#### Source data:
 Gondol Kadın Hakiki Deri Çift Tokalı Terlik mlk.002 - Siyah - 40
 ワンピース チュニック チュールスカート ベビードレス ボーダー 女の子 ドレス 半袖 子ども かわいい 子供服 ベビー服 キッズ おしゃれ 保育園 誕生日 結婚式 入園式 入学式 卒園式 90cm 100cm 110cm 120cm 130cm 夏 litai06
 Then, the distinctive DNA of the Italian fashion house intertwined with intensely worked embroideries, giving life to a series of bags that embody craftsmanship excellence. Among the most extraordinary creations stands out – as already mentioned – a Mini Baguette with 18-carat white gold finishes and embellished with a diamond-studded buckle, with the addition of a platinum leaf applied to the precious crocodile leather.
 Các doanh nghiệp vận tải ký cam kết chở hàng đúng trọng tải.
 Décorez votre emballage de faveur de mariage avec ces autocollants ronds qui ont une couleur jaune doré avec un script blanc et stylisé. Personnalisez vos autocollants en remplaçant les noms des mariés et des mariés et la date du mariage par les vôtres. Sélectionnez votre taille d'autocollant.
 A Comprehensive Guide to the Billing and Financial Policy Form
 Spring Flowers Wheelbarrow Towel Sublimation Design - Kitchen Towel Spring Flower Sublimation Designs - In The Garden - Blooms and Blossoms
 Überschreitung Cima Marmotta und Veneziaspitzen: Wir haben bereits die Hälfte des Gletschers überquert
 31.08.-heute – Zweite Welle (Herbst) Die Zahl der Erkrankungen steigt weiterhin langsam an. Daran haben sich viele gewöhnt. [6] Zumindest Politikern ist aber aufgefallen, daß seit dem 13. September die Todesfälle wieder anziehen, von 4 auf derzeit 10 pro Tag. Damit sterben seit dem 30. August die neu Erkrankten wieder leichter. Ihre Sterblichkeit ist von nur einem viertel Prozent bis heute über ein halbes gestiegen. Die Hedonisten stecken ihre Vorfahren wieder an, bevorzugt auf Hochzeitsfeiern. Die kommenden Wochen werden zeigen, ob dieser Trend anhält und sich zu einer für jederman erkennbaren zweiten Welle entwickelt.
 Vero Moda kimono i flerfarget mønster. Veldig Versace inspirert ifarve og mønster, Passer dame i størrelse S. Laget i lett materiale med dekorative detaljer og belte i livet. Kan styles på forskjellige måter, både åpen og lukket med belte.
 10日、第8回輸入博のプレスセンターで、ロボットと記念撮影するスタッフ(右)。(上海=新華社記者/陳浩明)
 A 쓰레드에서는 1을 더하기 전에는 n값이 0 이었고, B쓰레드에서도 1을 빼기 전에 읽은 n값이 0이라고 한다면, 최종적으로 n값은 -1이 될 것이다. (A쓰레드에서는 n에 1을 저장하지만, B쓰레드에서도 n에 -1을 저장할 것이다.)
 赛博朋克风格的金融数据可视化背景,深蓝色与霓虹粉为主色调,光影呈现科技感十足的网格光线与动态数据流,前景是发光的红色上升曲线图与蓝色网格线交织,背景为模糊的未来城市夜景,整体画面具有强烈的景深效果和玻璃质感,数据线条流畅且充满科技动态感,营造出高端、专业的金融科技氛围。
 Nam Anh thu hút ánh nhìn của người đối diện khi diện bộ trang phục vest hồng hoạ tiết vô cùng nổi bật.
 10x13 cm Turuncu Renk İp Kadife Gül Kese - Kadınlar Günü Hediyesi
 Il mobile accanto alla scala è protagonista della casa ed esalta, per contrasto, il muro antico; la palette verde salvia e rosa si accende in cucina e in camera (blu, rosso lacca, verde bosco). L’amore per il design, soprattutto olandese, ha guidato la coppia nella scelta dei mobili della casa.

#### What to produce:
Write out every entry word for word.

#### Response below:
 Gondol Kadın Hakiki Deri Çift Tokalı Terlik mlk.002 - Siyah - 40
 ワンピース チュニック チュールスカート ベビードレス ボーダー 女の子 ドレス 半袖 子ども かわいい 子供服 ベビー服 キッズ おしゃれ 保育園 誕生日 結婚式 入園式 入学式 卒園式 90cm 100cm 110cm 120cm 130cm 夏 litai06
 Then, the distinctive DNA of the Italian fashion house intertwined with intensely worked embroideries, giving life to a series of bags that embody craftsmanship excellence. Among the most extraordinary creations stands out – as already mentioned – a Mini Baguette with 18-carat white gold finishes and embellished with a diamond-studded buckle, with the addition of a platinum leaf applied to the precious crocodile leather.
 Các doanh nghiệp vận tải ký cam kết chở hàng đúng trọng tải.
 Décorez votre emballage de faveur de mariage avec ces autocollants ronds qui ont une couleur jaune doré avec un script blanc et stylisé. Personnalisez vos autocollants en remplaçant les noms des mariés et des mariés et la date du mariage par les vôtres. Sélectionnez votre taille d'autocollant.
 A Comprehensive Guide to the Billing and Financial Policy Form
 Spring Flowers Wheelbarrow Towel Sublimation Design - Kitchen Towel Spring Flower Sublimation Designs - In The Garden - Blooms and Blossoms
 Überschreitung Cima Marmotta und Veneziaspitzen: Wir haben bereits die Hälfte des Gletschers überquert
 31.08.-heute – Zweite Welle (Herbst) Die Zahl der Erkrankungen steigt weiterhin langsam an. Daran haben sich viele gewöhnt. [6] Zumindest Politikern ist aber aufgefallen, daß seit dem 13. September die Todesfälle wieder anziehen, von 4 auf derzeit 10 pro Tag. Damit sterben seit dem 30. August die neu Erkrankten wieder leichter. Ihre Sterblichkeit ist von nur einem viertel Prozent bis heute über ein halbes gestiegen. Die Hedonisten stecken ihre Vorfahren wieder an, bevorzugt auf Hochzeitsfeiern. Die kommenden Wochen werden zeigen, ob dieser Trend anhält und sich zu einer für jederman erkennbaren zweiten Welle entwickelt.
 Vero Moda kimono i flerfarget mønster. Veldig Versace inspirert ifarve og mønster, Passer dame i størrelse S. Laget i lett materiale med dekorative detaljer og belte i livet. Kan styles på forskjellige måter, både åpen og lukket med belte.
 10日、第8回輸入博のプレスセンターで、ロボットと記念撮影するスタッフ(右)。(上海=新華社記者/陳浩明)
 A 쓰레드에서는 1을 더하기 전에는 n값이 0 이었고, B쓰레드에서도 1을 빼기 전에 읽은 n값이 0이라고 한다면, 최종적으로 n값은 -1이 될 것이다. (A쓰레드에서는 n에 1을 저장하지만, B쓰레드에서도 n에 -1을 저장할 것이다.)
 赛博朋克风格的金融数据可视化背景,深蓝色与霓虹粉为主色调,光影呈现科技感十足的网格光线与动态数据流,前景是发光的红色上升曲线图与蓝色网格线交织,背景为模糊的未来城市夜景,整体画面具有强烈的景深效果和玻璃质感,数据线条流畅且充满科技动态感,营造出高端、专业的金融科技氛围。
 Nam Anh thu hút ánh nhìn của người đối diện khi diện bộ trang phục vest hồng hoạ tiết vô cùng nổi bật.
 10x13 cm Turuncu Renk İp Kadife Gül Kese - Kadınlar Günü Hediyesi
 Il mobile accanto alla scala è protagonista della casa ed esalta, per contrasto, il muro antico; la palette verde salvia e rosa si accende in cucina e in camera (blu, rosso lacca, verde bosco). L’amore per il design, soprattutto olandese, ha guidato la coppia nella scelta dei mobili della casa.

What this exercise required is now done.